Location and effect of CD risk SNPs. a Genomic location of the SNPs. Proxy SNPs (R2 > 0.8) for 57 CD top SNPs were extracted using the 1000 Genomes Project CEU population. Only three (5 %) of the 57 SNPs were in linkage with coding variants. About 5 and 9 % are located in the 5’-UTR and the 3’-UTR regions, respectively. This leaves 81 % of the variants to be located in non-coding regions of the genome (intergenic or intronic). The latter SNPs could be involved in the regulation of gene expression or they could affect non-coding RNA species. b Expression quantitative trait loci (eQTL) analysis at SNP rs917997. The figure shows the association of the risk genotype with a lower expression of IL18RAP (P = 1.1 × 10−133). The left panel displays the distribution of the normalized expression levels of IL18RAP mRNA according to the genotypes at rs917997. The blue and orange dots indicate samples from male and female volunteers, respectively. The right panel displays the foldchange in the levels of IL18RAP mRNA.

Expression QTL analysis can help to identify the causative gene in a locus with multiple candidates

It is difficult to identify the causal gene in a disease-associated locus that contains multiple candidate genes. The fact that the disease-associated SNP may not be the causal SNP, in strong LD with the true causal variant, it adds to the problem of identifying the causal gene. An elegant strategy that can be applied to narrow down the causal gene in a locus is to correlate genotypes with expression data. This approach has been coined expression QTL analysis [45, 46, 47]. Although eQTL analysis does not prove that the gene is the causal one in the locus, it can help in prioritizing genes for follow-up studies.

eQTLs come in two flavors: (1) cis-eQTLs in which SNPs affect expression of nearby genes [48], and (2) trans-eQTLs in which SNPs affect the expression of genes far away on the same chromosome or even on another chromosome [48]. Dubois et al. [23] used a dataset consisting of genome-wide gene expression data and genome-wide SNP data of 1,469 human primary blood leukocytes to perform an eQTL analysis in CD. They showed that 20 out of the 38 (53 %) non-HLA CD susceptibility loci they investigated displayed significant eQTL effects. The most impressive eQTL effect was found for SNP rs917997 in the IL18RAP gene (P = 7.4 × 10e − 87) causing a 9-fold difference of IL18RAP expression between carriers of two wild-type alleles versus carriers of two risk alleles [6]. This helped to pinpoint IL18RAP as the likely causal gene in a locus also harboring IL18R1, IL1RL1, and IL1RL2, since the latter three did not display a cis-eQTL effect. Altogether these findings indicate that the mechanism underlying CD is governed by a deregulation of gene expression.

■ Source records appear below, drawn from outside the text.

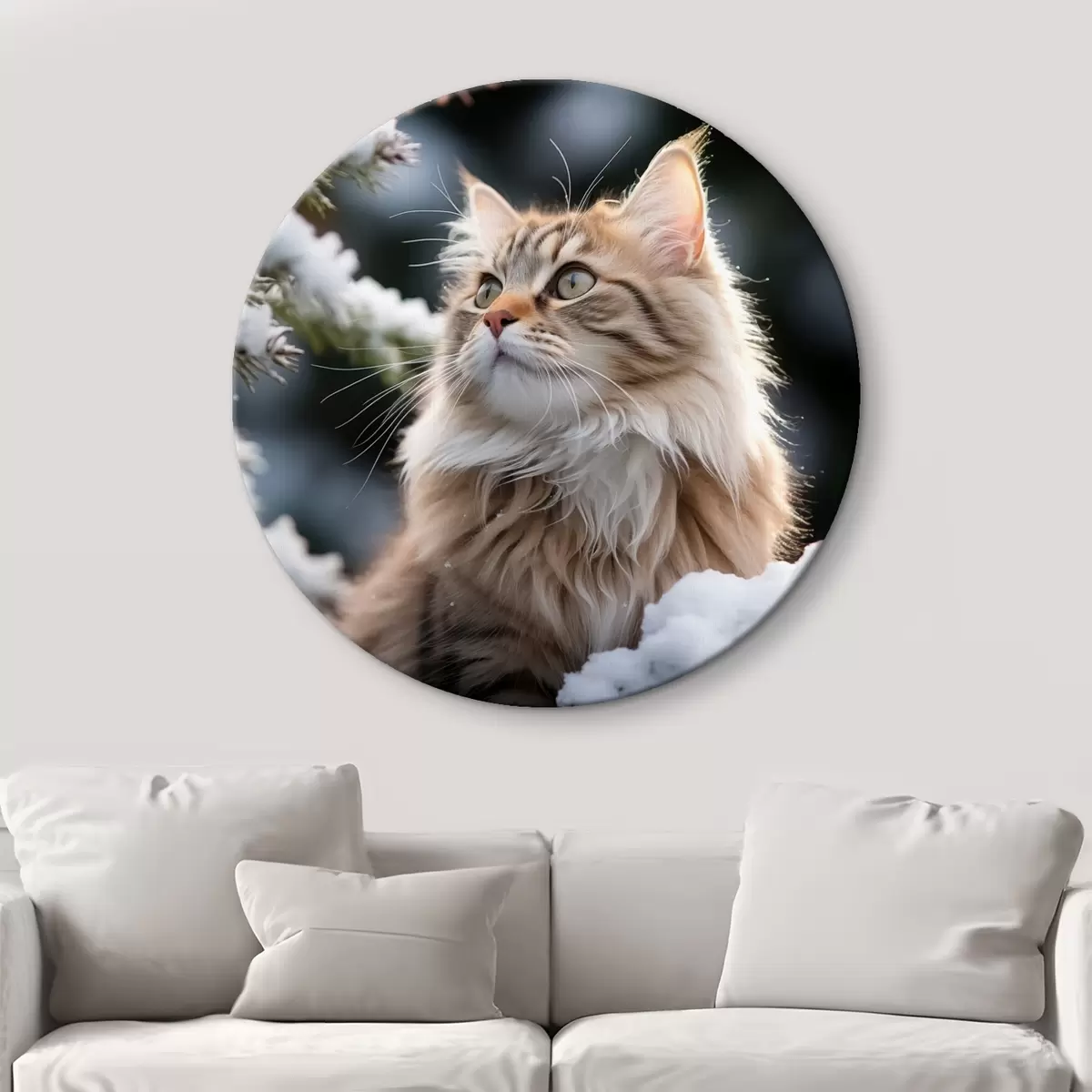 Tableaux rondes Un chat roux pelucheux est assis près de la neige sur un fond sombre Nr r41435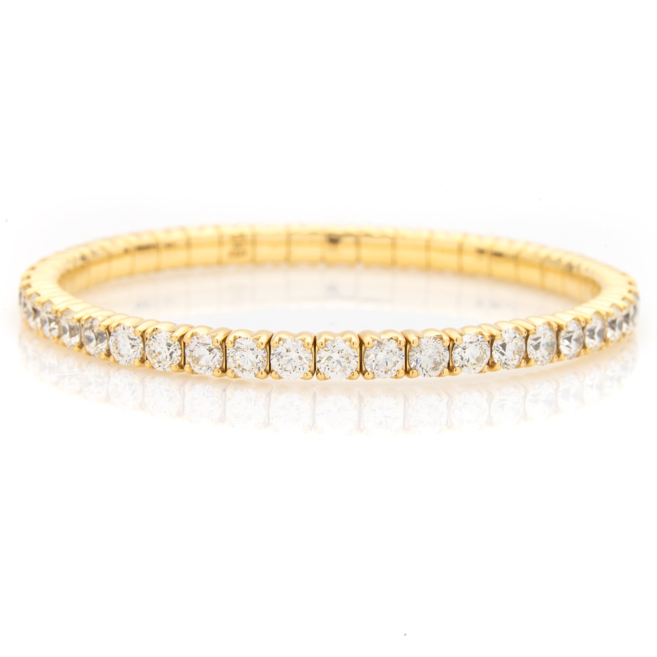 Stretchy tennis bracelet with 3.8mm diamonds. 54mm inside diameter, fits estimated 6.75-7.00″ wrist.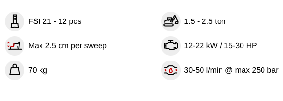 The recommended machine size is 1.5-2.5 t with an oil flow of 30-50 l/min.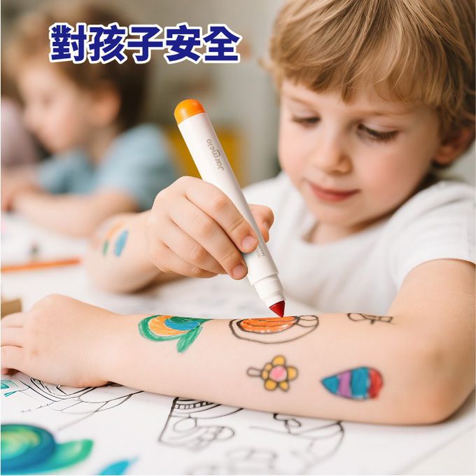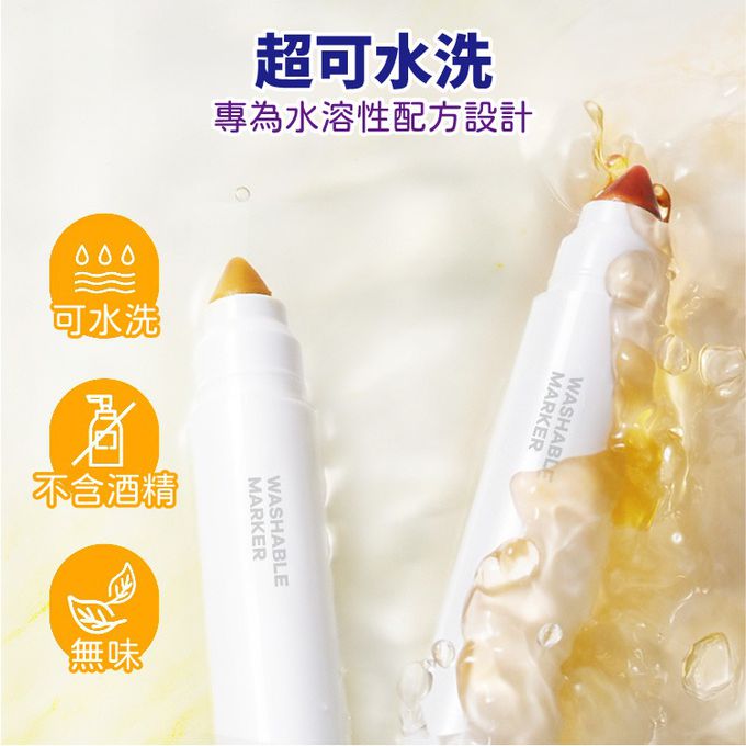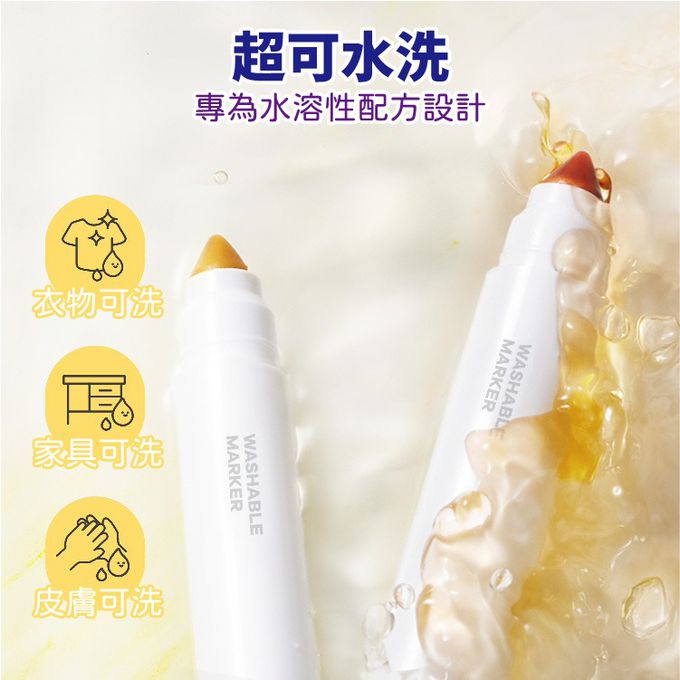採用水溶性墨水配方,筆跡鮮豔飽和,卻能輕鬆用清水洗淨,不論是衣物、家具還是肌膚,都能輕鬆去除色彩痕跡。

Other immune-related diseases show similar numbers of eQTLs for disease-associated SNPs, suggesting that this is a more general phenomenon [6]: for example, 39 out of 71 CrD loci (55 %) show an eQTL effect [49], and 32 out of 53 T1D loci (60 %) [15].

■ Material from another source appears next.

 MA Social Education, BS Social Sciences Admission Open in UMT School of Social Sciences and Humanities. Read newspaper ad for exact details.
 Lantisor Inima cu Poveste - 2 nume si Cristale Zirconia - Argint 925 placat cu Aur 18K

The identification of eQTL effects in trans (trans-eQTLs) is much more difficult, presumably since these are more tissue specific and cell specific [50]. Trans-eQTLs are of interest because they implicate biological processes by linking disease SNPs to the expression pattern of many genes, thereby potentially revealing disease-associated pathways. As an example, Fehrmann et al. [48] described the trans-eQTL effects of 1,167 published trait- or disease-related SNPs on gene expression in peripheral blood mononuclear cells (PBMCs) of 1,469 unrelated individuals. Trans-eQTL effects were observed on 113 genes, of which 46 could be replicated in a dataset obtained from monocytes of 1,490 different individuals, and 18 could be replicated in a dataset generated from subcutaneous adipose, visceral adipose, liver and muscle tissue from the same replication cohort. In addition, they identified 18 unlinked SNP pairs, associated with a single phenotype and affecting the regulation of the same trans-gene. The fact that singular genes are regulated in trans by multiple SNPs could indicate the importance of the trans-gene in the disease mechanism. In the same study, they also found that HLA SNPs are 10-fold enriched for trans-eQTL effects [48].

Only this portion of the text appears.